David McNeill
One of the lesser-known casualties of the deadly July 16 quake that struck Niigata Prefecture was a headstone that toppled in a village a few miles from the epicenter off Kashiwazaki. The grave bore the name of legendary former Prime Minister Tanaka Kakuei, Japan’s postwar master of pork-barrel politics and the man who helped bring the Kashiwazaki-Kariwa Nuclear Power Plant to this deprived area on the Sea of Japan coast.
Tanaka’s pitch was energy self-sufficiency in a country famously dependent on fuel imports, nearly all of it from the volatile Middle-East. But as its hosts now know, Tanaka’s dream required building the planet’s largest nuclear power complex directly over an active earthquake fault. Today, the plant squats on the outskirts of this town of 93,000, a seven-reactor, 8200-megawatt monster, surrounded by cracked and buckled roads and local people who wonder anew if they are safe living in its shadow.
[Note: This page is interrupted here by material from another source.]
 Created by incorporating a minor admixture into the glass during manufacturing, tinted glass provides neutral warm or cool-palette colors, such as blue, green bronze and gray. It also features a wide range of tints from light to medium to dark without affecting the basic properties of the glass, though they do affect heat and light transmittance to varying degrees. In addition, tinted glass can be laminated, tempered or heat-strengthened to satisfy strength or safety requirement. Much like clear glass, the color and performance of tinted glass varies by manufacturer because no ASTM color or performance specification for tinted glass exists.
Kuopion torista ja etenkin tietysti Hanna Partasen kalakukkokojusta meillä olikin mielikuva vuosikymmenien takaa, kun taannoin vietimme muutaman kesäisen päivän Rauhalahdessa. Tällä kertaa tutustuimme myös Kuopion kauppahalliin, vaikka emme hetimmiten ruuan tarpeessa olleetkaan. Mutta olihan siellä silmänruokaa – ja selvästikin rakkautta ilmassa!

Inside, in the seconds after the 6.8 quake (now officially known as Chuetsu-oki) struck just twelve miles away, pipes burst, drums of nuclear waste toppled and monitors stopped working. A fire in an electrical transformer burned unattended for over two hours and 1,200 liters of contaminated water sloshed into the sea. Ten days later, Tokyo Electric Co. (Tepco), the utility giant that runs the plant, admitted that the damage “extended to the interior of the reactor building” and, at the end of July, that a small amount of radioactive water had also escaped from the No.1 reactor.
When Tepco President Katsumata Tsunehisa, who heads Japan’s largest electric power company and the largest privately owned electric utility in the world, surveyed the site in the aftermath of the quake, he reportedly called it “a mess.”
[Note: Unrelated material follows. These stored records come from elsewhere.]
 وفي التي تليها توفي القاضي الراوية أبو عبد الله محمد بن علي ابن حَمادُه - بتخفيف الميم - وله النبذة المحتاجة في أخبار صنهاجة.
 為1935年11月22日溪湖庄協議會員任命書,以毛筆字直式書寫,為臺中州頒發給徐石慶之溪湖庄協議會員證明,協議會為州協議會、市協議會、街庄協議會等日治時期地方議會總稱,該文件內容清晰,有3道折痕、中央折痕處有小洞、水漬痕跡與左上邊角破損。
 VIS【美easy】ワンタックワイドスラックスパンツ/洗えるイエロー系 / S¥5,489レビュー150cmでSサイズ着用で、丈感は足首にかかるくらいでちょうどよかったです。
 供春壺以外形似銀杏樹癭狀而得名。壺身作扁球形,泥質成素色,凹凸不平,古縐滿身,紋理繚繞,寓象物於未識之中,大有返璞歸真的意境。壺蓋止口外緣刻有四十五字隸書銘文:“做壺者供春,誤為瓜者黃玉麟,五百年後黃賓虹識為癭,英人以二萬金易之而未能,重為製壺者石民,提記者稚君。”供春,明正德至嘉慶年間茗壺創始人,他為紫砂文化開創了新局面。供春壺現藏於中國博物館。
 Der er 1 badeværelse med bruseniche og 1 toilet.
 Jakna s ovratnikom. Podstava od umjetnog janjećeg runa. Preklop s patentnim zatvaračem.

But the full dimensions of the problem would continue to leak to the public over the coming weeks. Not until July 30 did Tepco acknowledge that the July 16 quake had caused the Power Plant to sway a maximum 2,058 gals. A gal is a unit of acceleration equal to 1 centimeter per 1 second squared.
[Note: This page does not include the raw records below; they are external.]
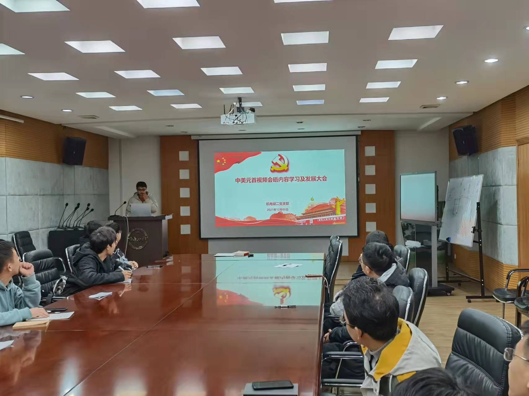 2021年12月5晚19:00点,机电硕二党支部于浙江大学玉泉校区液压老楼4楼会议室召开了学习中美元首视频会晤内容,以及党支部发展大会。会议由支部书记朱恒双同志主持。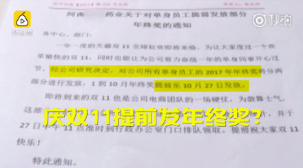 綜合陸媒報導,河南鄭州一間電商公司為了讓單身員工歡慶雙11,特別在內部張貼公告,將對所有單身的人提前發放1到10月的年終獎金。公司表示,即將到來的光棍節是電商團隊的一場硬仗,為鼓舞士氣,獎金將以現金形式發放,還要各部門做好「單身員工統計」,讓所有單身的同事也能過一個開心的雙11。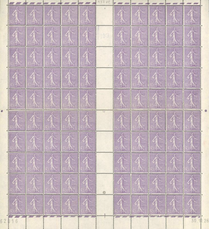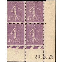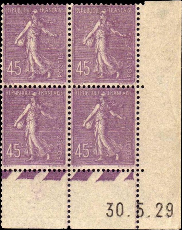 | Commentaire | Semeuse lignée. Nota Les ombres portées sur la Semeuse sont mal positionnées par rapport au soleil, de plus elle sème contre le vent Émis en novembre 1926 et maintenu en circulation jusqu’en juin 1932, le 45 centimes lilas du type Semeuse lignée constitue l’une des valeurs emblématiques de la fin des années 1920. Gravé par Louis-Eugène Mouchon d’après l’œuvre d’Oscar Roty, ce timbre reprend la célèbre allégorie de La Semeuse semant à contre-vent, ici sur fond ligné, caractéristique visuelle propre à cette série.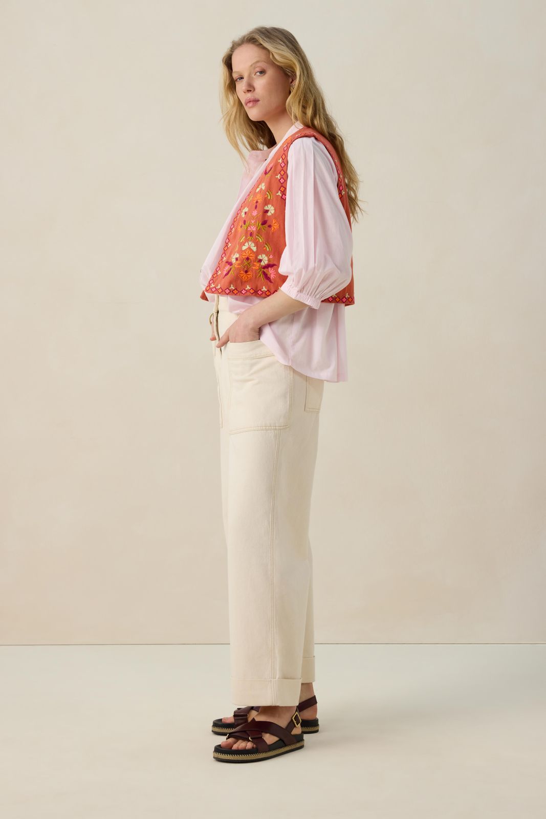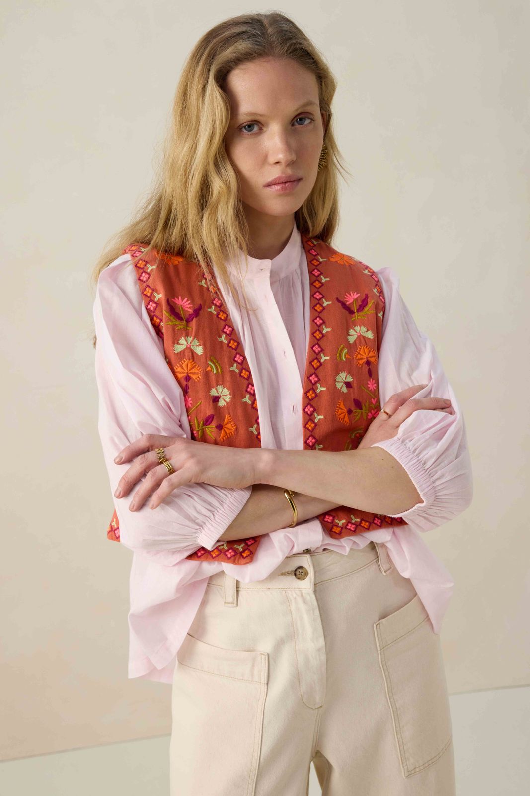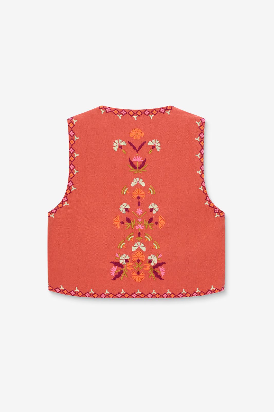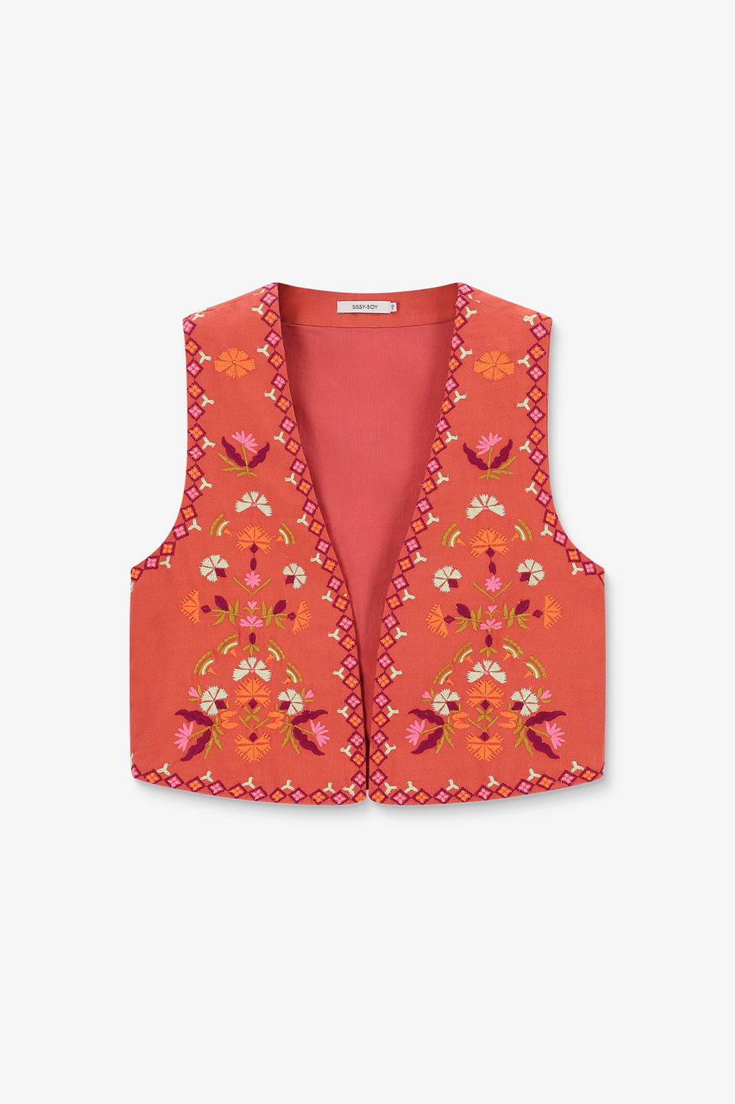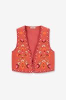 Hellrote Weste mit Blumenstickerei der Marke Sissy-Boy. Die Weste ist ein wunderschöner Eyecatcher. Material: 100% Baumwolle.

It was, the utility reported, not only the strongest sway recorded at a nuclear power plant in Japan, but might be the most powerful at any nuclear plant in the world.
In at least one area of the Kashiwazaki-Kariwa plant, the shaking was 6.8 times larger than the maximum level taken into account when the plant was designed. Following the quake, Tepco had announced that the maximum shaking recorded at the plant was 680 gals on the lowest basement floor of the No. 1 reactor.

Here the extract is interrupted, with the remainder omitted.